▶ [Required action]:
I need the records below restated word for word, without their pictures.

+---+

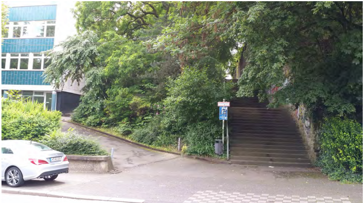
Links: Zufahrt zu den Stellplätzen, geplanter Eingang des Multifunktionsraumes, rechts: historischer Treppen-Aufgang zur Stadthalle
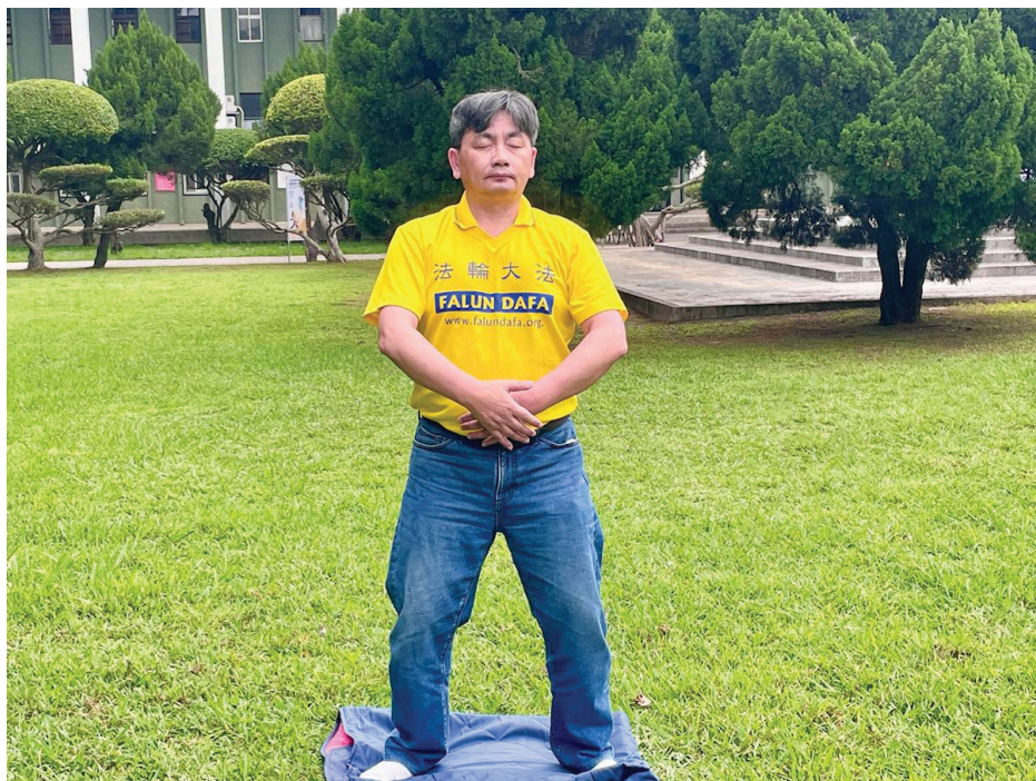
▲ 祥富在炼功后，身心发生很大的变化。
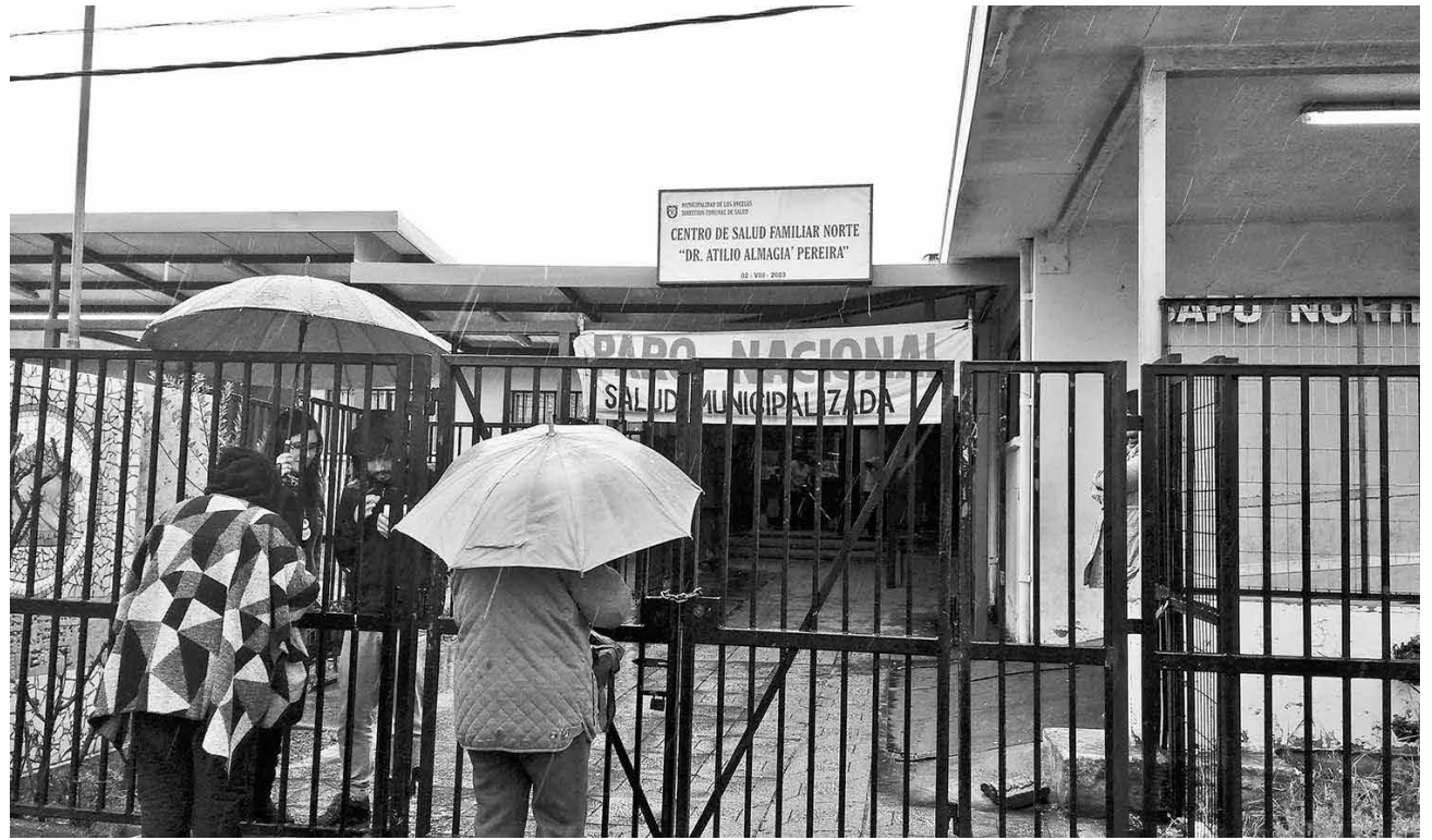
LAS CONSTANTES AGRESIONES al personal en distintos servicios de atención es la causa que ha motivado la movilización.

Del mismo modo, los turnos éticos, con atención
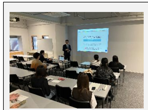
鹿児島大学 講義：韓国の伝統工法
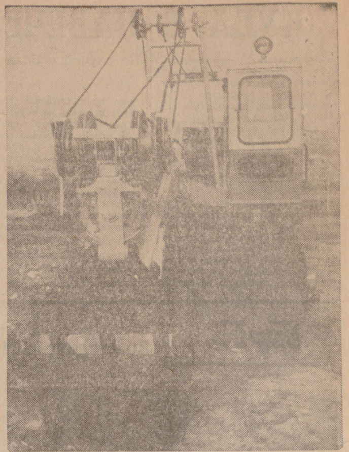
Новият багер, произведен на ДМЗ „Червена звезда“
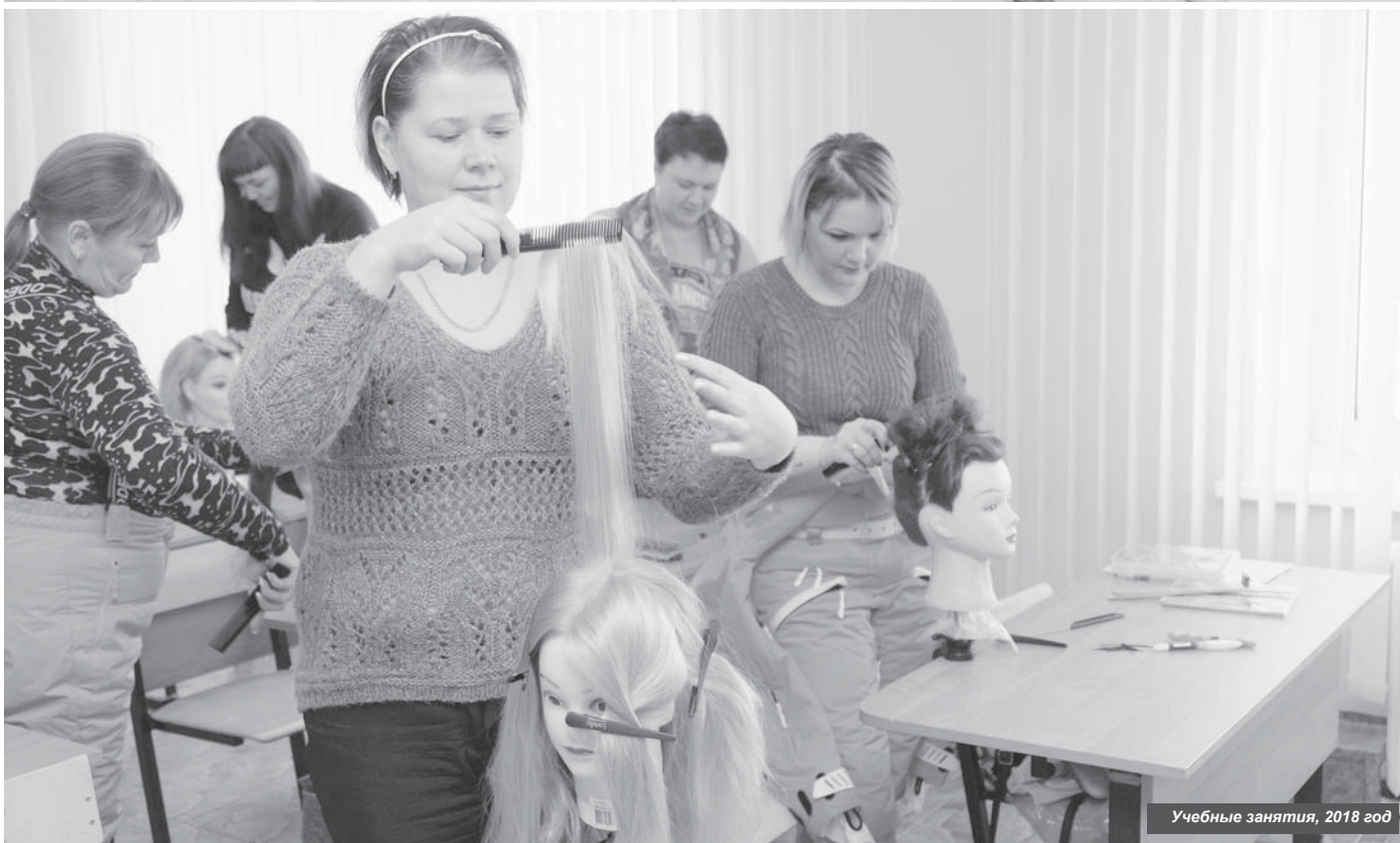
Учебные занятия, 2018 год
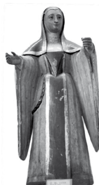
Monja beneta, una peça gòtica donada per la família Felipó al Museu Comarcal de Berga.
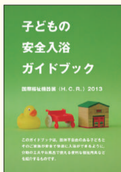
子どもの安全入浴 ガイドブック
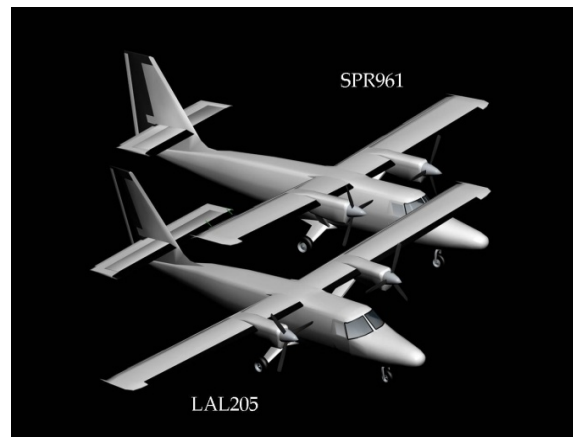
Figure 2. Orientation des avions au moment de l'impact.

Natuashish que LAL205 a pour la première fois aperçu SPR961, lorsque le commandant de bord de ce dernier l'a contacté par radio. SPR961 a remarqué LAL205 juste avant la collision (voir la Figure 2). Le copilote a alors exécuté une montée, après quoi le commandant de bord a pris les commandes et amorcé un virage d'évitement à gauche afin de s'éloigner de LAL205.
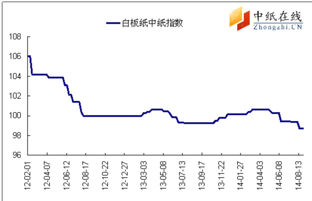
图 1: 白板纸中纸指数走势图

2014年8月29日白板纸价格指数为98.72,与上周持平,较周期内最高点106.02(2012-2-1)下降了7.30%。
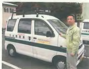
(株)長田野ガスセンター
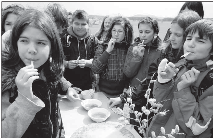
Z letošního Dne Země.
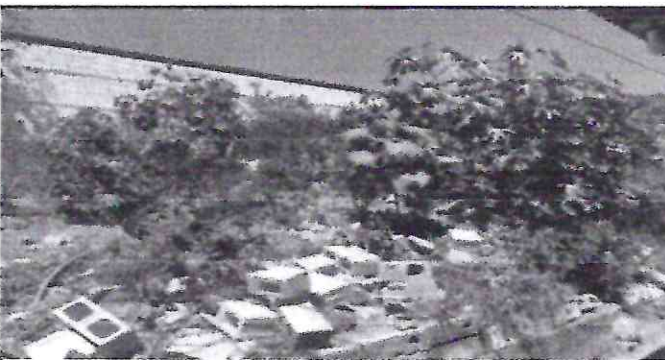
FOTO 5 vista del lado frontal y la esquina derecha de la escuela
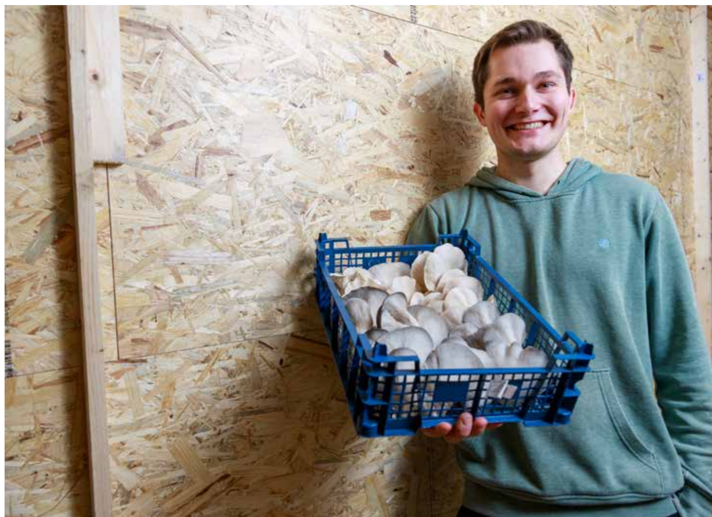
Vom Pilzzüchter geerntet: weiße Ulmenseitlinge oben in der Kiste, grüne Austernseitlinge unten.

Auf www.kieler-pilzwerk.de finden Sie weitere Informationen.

+---+

▶ [Answer section]:
Links: Zufahrt zu den Stellplätzen, geplanter Eingang des Multifunktionsraumes, rechts: historischer Treppen-Aufgang zur Stadthalle
▲ 祥富在炼功后，身心发生很大的变化。
LAS CONSTANTES AGRESIONES al personal en distintos servicios de atención es la causa que ha motivado la movilización.

Del mismo modo, los turnos éticos, con atención
鹿児島大学 講義：韓国の伝統工法
Новият багер, произведен на ДМЗ „Червена звезда“
Учебные занятия, 2018 год
Monja beneta, una peça gòtica donada per la família Felipó al Museu Comarcal de Berga.
子どもの安全入浴 ガイドブック
Figure 2. Orientation des avions au moment de l'impact.

Natuashish que LAL205 a pour la première fois aperçu SPR961, lorsque le commandant de bord de ce dernier l'a contacté par radio. SPR961 a remarqué LAL205 juste avant la collision (voir la Figure 2). Le copilote a alors exécuté une montée, après quoi le commandant de bord a pris les commandes et amorcé un virage d'évitement à gauche afin de s'éloigner de LAL205.
图 1: 白板纸中纸指数走势图

2014年8月29日白板纸价格指数为98.72,与上周持平,较周期内最高点106.02(2012-2-1)下降了7.30%。
(株)長田野ガスセンター
Z letošního Dne Země.
FOTO 5 vista del lado frontal y la esquina derecha de la escuela
Vom Pilzzüchter geerntet: weiße Ulmenseitlinge oben in der Kiste, grüne Austernseitlinge unten.

Auf www.kieler-pilzwerk.de finden Sie weitere Informationen.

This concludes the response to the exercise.